2        Standards in respect Covid-19 testing services

(1)     Subject to paragraph (4), the Medical Officer of Health must set and publish standards in respect of the provision of testing services.

(2)     A service provider must comply with those standards.

(3)     The standards set by the Medical Officer of Health may be –

(a)     revised from time to time and must be published in their revised form; or

(b)     replaced or withdrawn and notice of any such replacement or withdrawal must be published.

(4)     The Medical Officer of Health is not required to set any standards under paragraph (1) if he or she endorses standards set and published by any other person or body in the British Islands or elsewhere, that the Medical Officer of Health considers to be an expert authority on Covid‑19 testing.

(5)     Nothing in paragraph (4) prevents the Medical Officer of Health from setting and publishing standards which are in addition to, or complement other standards endorsed by him or her.

(6)     The standards, whether set by the Medical Officer of Health or endorsed by him or her –

(a)     must address compliance with the following matters –

(i)      where a service provider uses testing kits, that everything comprised within those kits is applied and processed in accordance with the testing kit manufacturer’s instructions,

(ii)      that a person who has received a test –

(A)    is given the result of that test accurately,

(B)     is given sufficient information to enable the person to understand what the result means for him or her, and

(C)     is advised as to what action, if any, that person may take in accordance with relevant guidance;

(iii)     hygiene and infection control measures implemented at the premises at which the test is administered or analysed,

(iv)     that a service provider follows guidance issued by the Medical Officer of Health under Regulation 14, and that any test result which gives rise to a reasonable suspicion that a person is infected or contaminated with Covid-19 is immediately reported to the Medical Officer of Health in accordance with Regulation 13.

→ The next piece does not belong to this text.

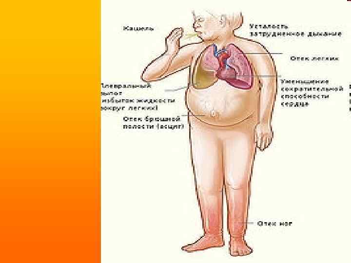 Отеки на ногах • Одна из наиболее характерных жалоб больных с ХСН. Отеки и другие проявления отечного синдрома связаны, в первую очередь, с задержкой Nа+ и воды в организме, а также с застоем крови в венозном русле большого круга кровообращения (правожелудочковая недостаточность) и повышением гидростатического давления в капиллярном русле.

(b)     may address compliance with such other matters as the Medical Officer of Health, or, in the case of standards endorsed by him or her, the other person or body, considers appropriate.

3        Application of standards

(1)     These Regulations apply only in respect of testing services within the meaning of these Regulations.

(2)     For the avoidance of doubt –

(a)     screening or assessment under Part 3 (powers in relation to persons suspected to be potentially infectious) of the Covid‑19 (Screening, Assessment and Isolation) (Jersey) Regulations 2020[8], by a health officer within the meaning of those Regulations, is not a testing service;

(b)     a person designated by any Minister to administer, analyse or give the results of a test is not providing a testing service; and

(c)     a person who purchases a testing kit so as to self-administer a test, analyse it and receive the results of that test, is not in receipt of a testing service.

(3)     The standards apply regardless of –

(a)     whether or not the testing service is provided free of charge or at a charge;

(b)     whether or not the test is administered, analysed, or the result is given by a doctor, a health care practitioner registered under Health Care (Registration) (Jersey) Law 1995[9], or any other person;

(c)     the method by which the test is administered, analysed or the result is given; or

(d)     the premises at which the test is administered or analysed.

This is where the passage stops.